EKC
2006-Jun-27 13:43 UTC
[Lustre-discuss] Runtime Option To Allocate Files Based on OST Utilization?
Hello, The Lustre manual refers to a runtime option to allocate files to OST''s based on the free space available on each OST: <snip> In the short term (4Q05-1Q06) Lustre will include a runtime option that will create proportionally more new files on OSTs with more room available. Although this won''t help if you need to write new data to an existing file on a completely full OST, it will help to keep a system from getting too far out of balance in the first place, and help bring it back into balance more quickly. <snip> source: https://mail.clusterfs.com/wikis/attachments/LustreManual.html#4.1_Expanding_the_File_System_by_Adding_OSTs Question: Has this runtime option been implemented?
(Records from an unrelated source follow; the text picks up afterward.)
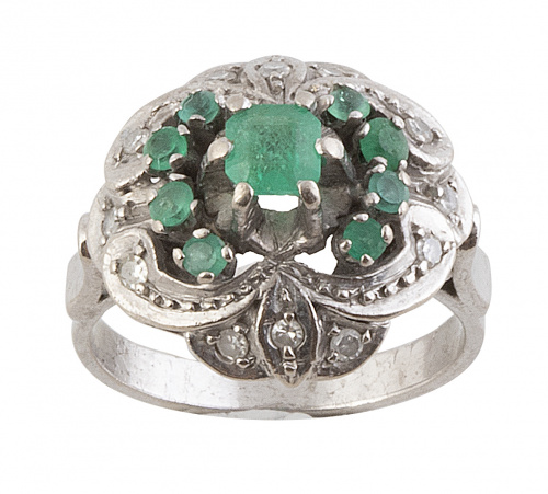 Sortija flor años 60 con esmeraldas y brillantes engastados a diferentes alturas en montura bombé calada
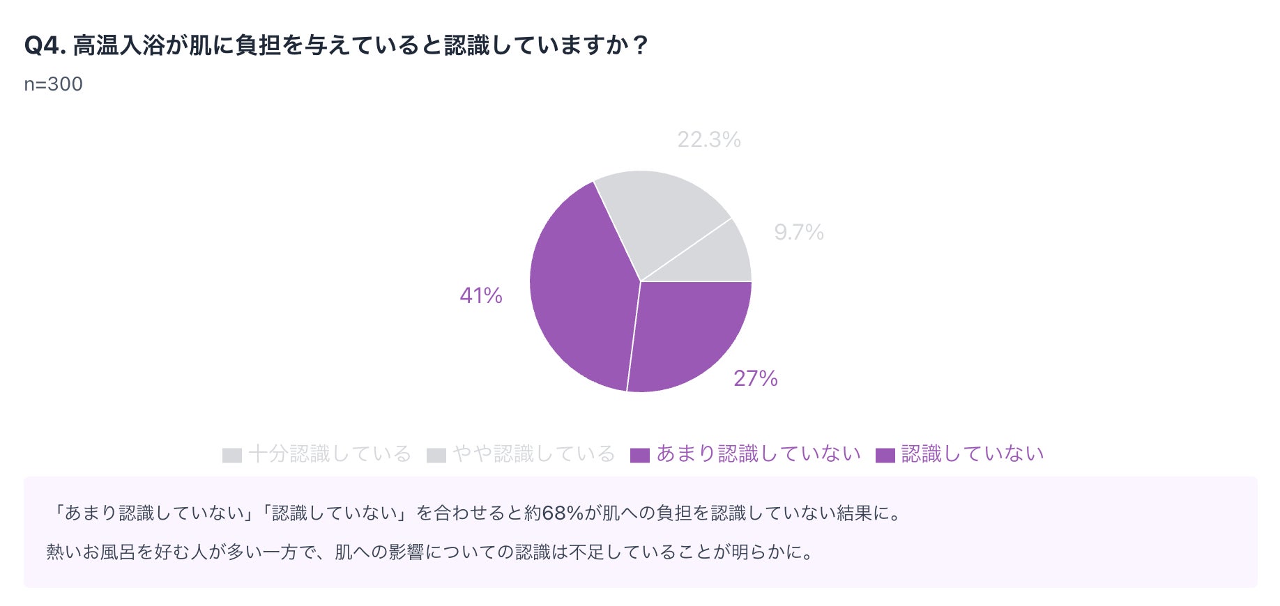 高温入浴が肌に負担を与えていることを認識しているか調査しました。
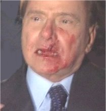 در سال 2009 در میلان مردی بر صورت برلوسکونی یک مجسمه کوچک سیمانی کوبید و اورا مجروح ساخت و به بیمارستان فرستاد. این رویداد باعث شد که رسانه ها در گوشه و کنار جهان سابقه کارهای اورا بر گزارش مجروح شدنش بیافزایند و منعکس سازند و باردیگر تردید به دمکراسی ایتالیایی که پس از جنگ جهانی دوم در چند مورد، دولت سوسیالیست داشته موضوع روز شود و ایتالیایی ها به بی توجهی به تکلیف مهم و حسّاس رای دادن متهم شوند. گزارش های مربوط به برلوسکونی در رسانه ها همراه با عکس هایش با زنان زیبا منتشر می شود.
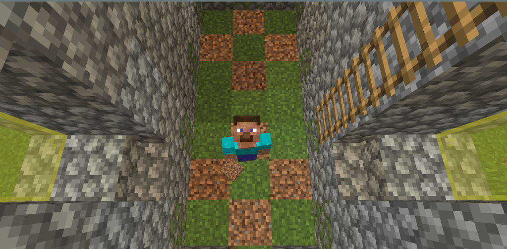 Inside, there’s no floor! It’s just grass and dirt. Steve doesn’t like that. He wants to build a floor out of sandstone.
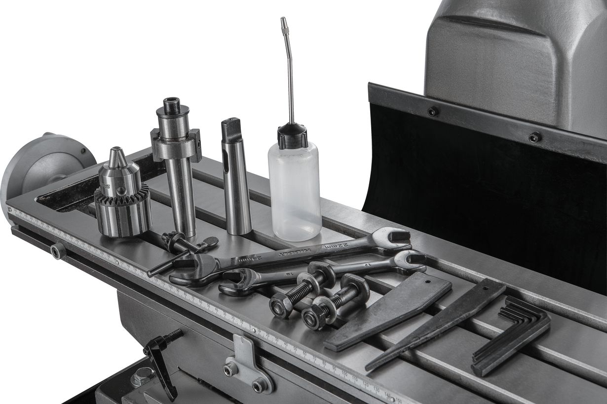 Станок имеет мощный крестовый стол с Т-образными пазами. Рабочий стол оснащен прецизионным механизмом перемещения. Количество пазов – 3 при ширине 14 мм. Вес станка 285 кг.
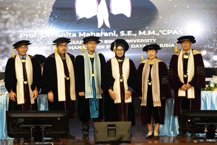 Pengukuhan Prof. Dr. Anita Maharani, S.E., M.M., CPAS. sebagai Guru Besar memperkuat komitmen BINUS University dalam mengembangkan talenta akademik yang tidak hanya berkontribusi dalam dunia pendidikan, tetapi juga memiliki dampak langsung terhadap masyarakat dan industri. Kehadiran Prof. Anita memperkaya ekosistem akademik di BINUS, menghadirkan pendekatan pembelajaran yang memadukan teori, praktik, dan nilai-nilai kemanusiaan dalam satu kesatuan.
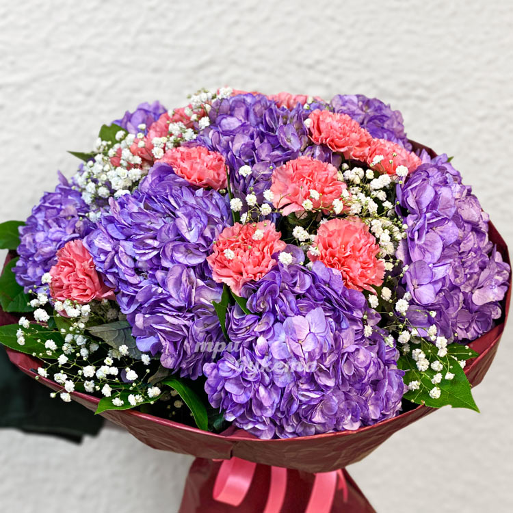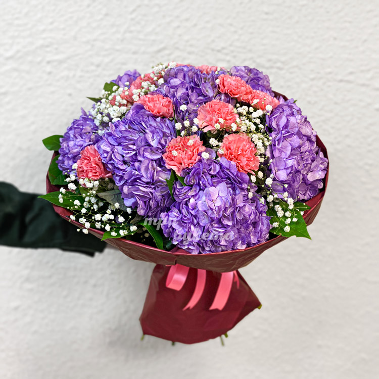 Букет сиреневых гортензий с гвоздиками
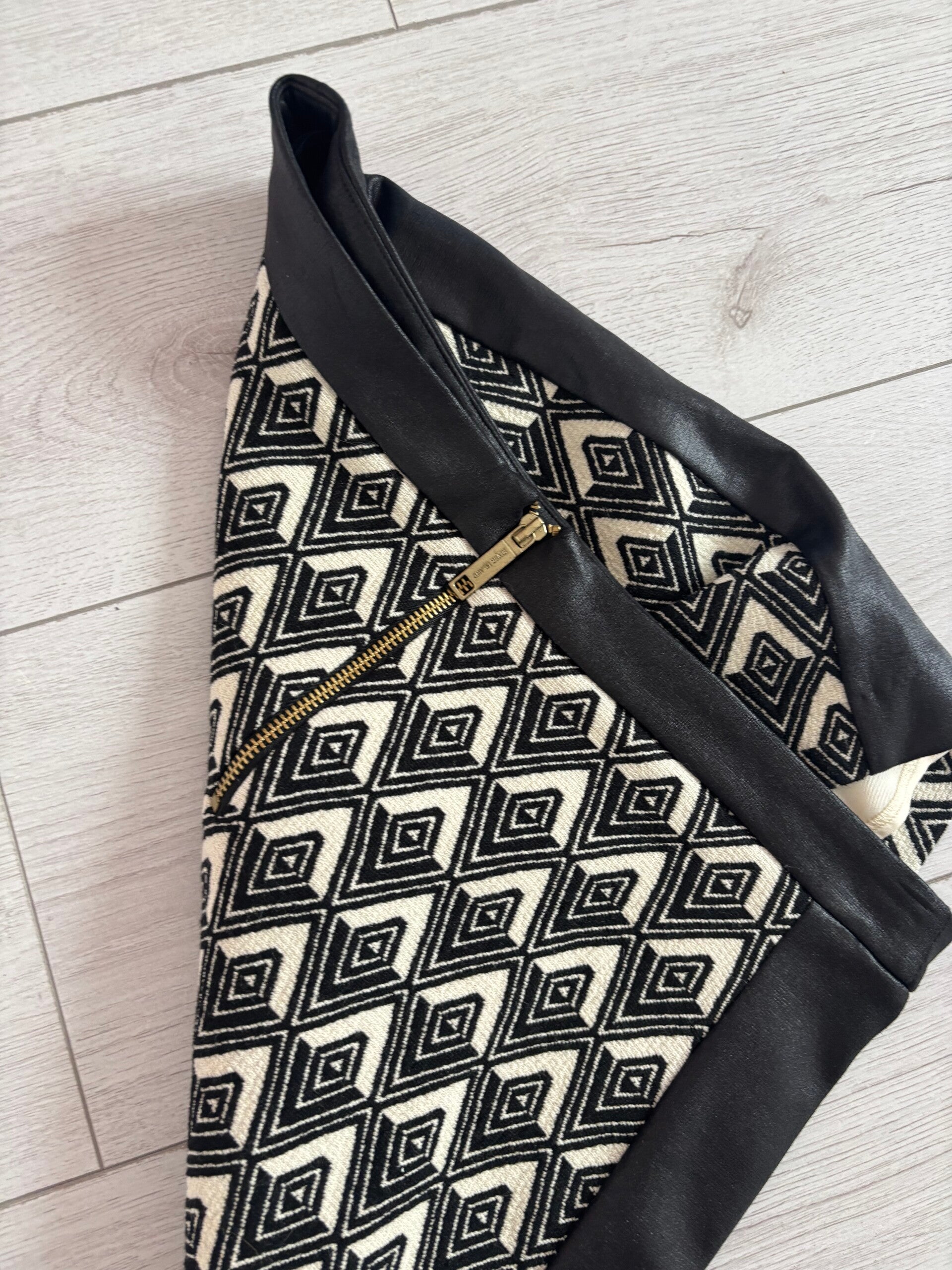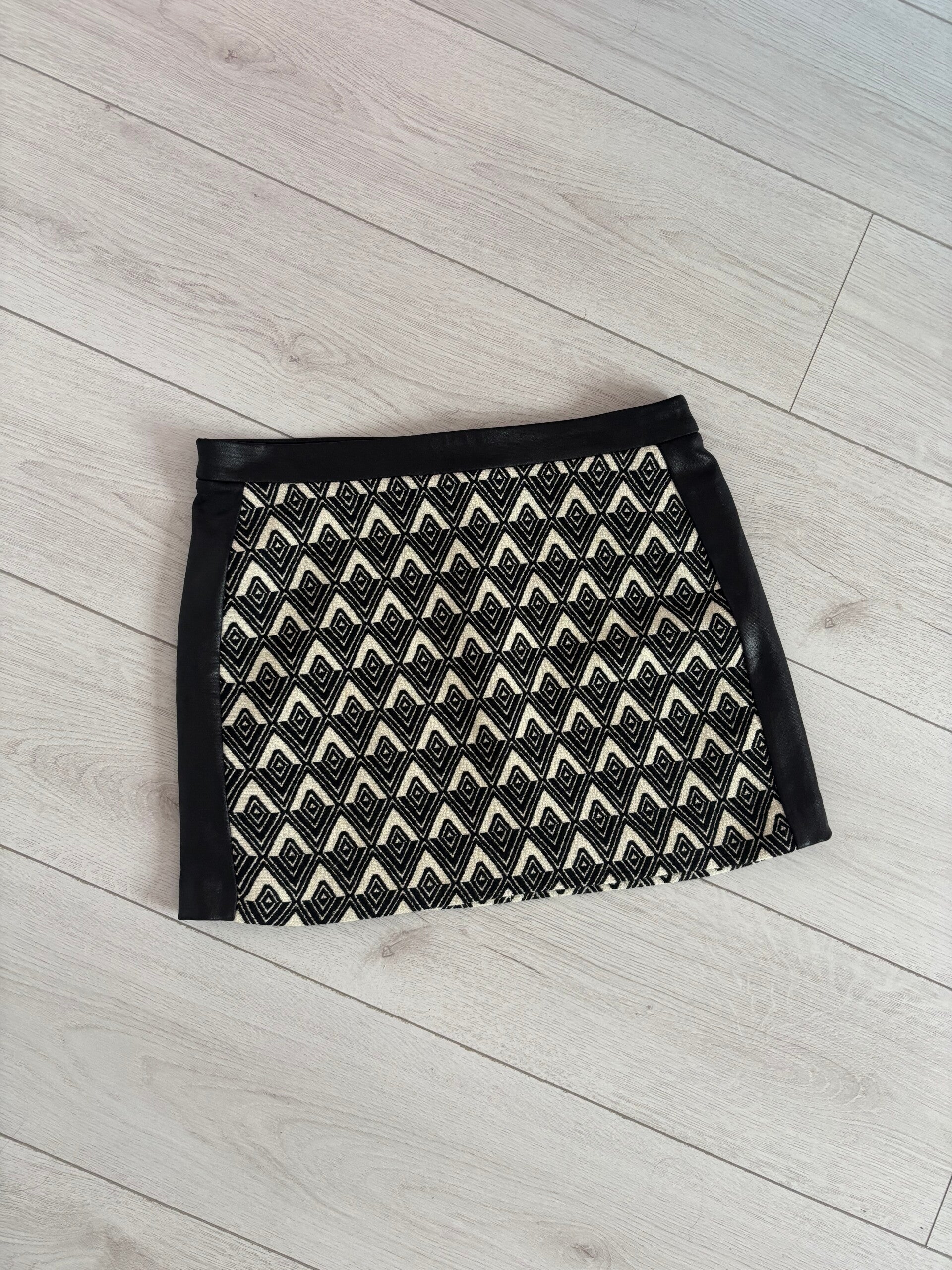 River Island Lined Black Cream Patterned Mini Skirt Size 12

If so, what is it? Without this option, how does Lustre allocate files when a new OST is added? If I have 9 OST''s with <100Mb free on each of them and I add a new OST, is it possible that Lustre will fail to write a 10Gb file because the first 9 OST''s are full? (I''m assuming Lustre just uses round-robbin when allocating files -- maybe I''m wrong?) The problem that I am trying to solve is as follows: I need to distribute three 3 identical copies of a file (with max size 5Gb) across three different OST''s. My client program writes and reads from these files concurrently. I have enabled the "--failout'''' option for each OST so that the client program will detect immediately when a copy of the file is unavailable and automatically create another copy on a different OST. I am doing this in-lieu of setting up DRBD and/or using high-availabilty SAN''s. I am using "lfs setstripe <FILENAME> 0 -1 0" for each file now. However, that means that lustre could place all three files on the same OST. Also, lustre does not know the size of the file before setstripe is called, so it may pick a suboptimal OST. So, how can I have "lfs setstripe" select three different OST''s each with at least X Mb of free space each? Or, do I have to parse /proc/fs/lustre/osc/* manually? Thanks again, eser
Andreas Dilger
2006-Jun-27 14:40 UTC
[Lustre-discuss] Runtime Option To Allocate Files Based on OST Utilization?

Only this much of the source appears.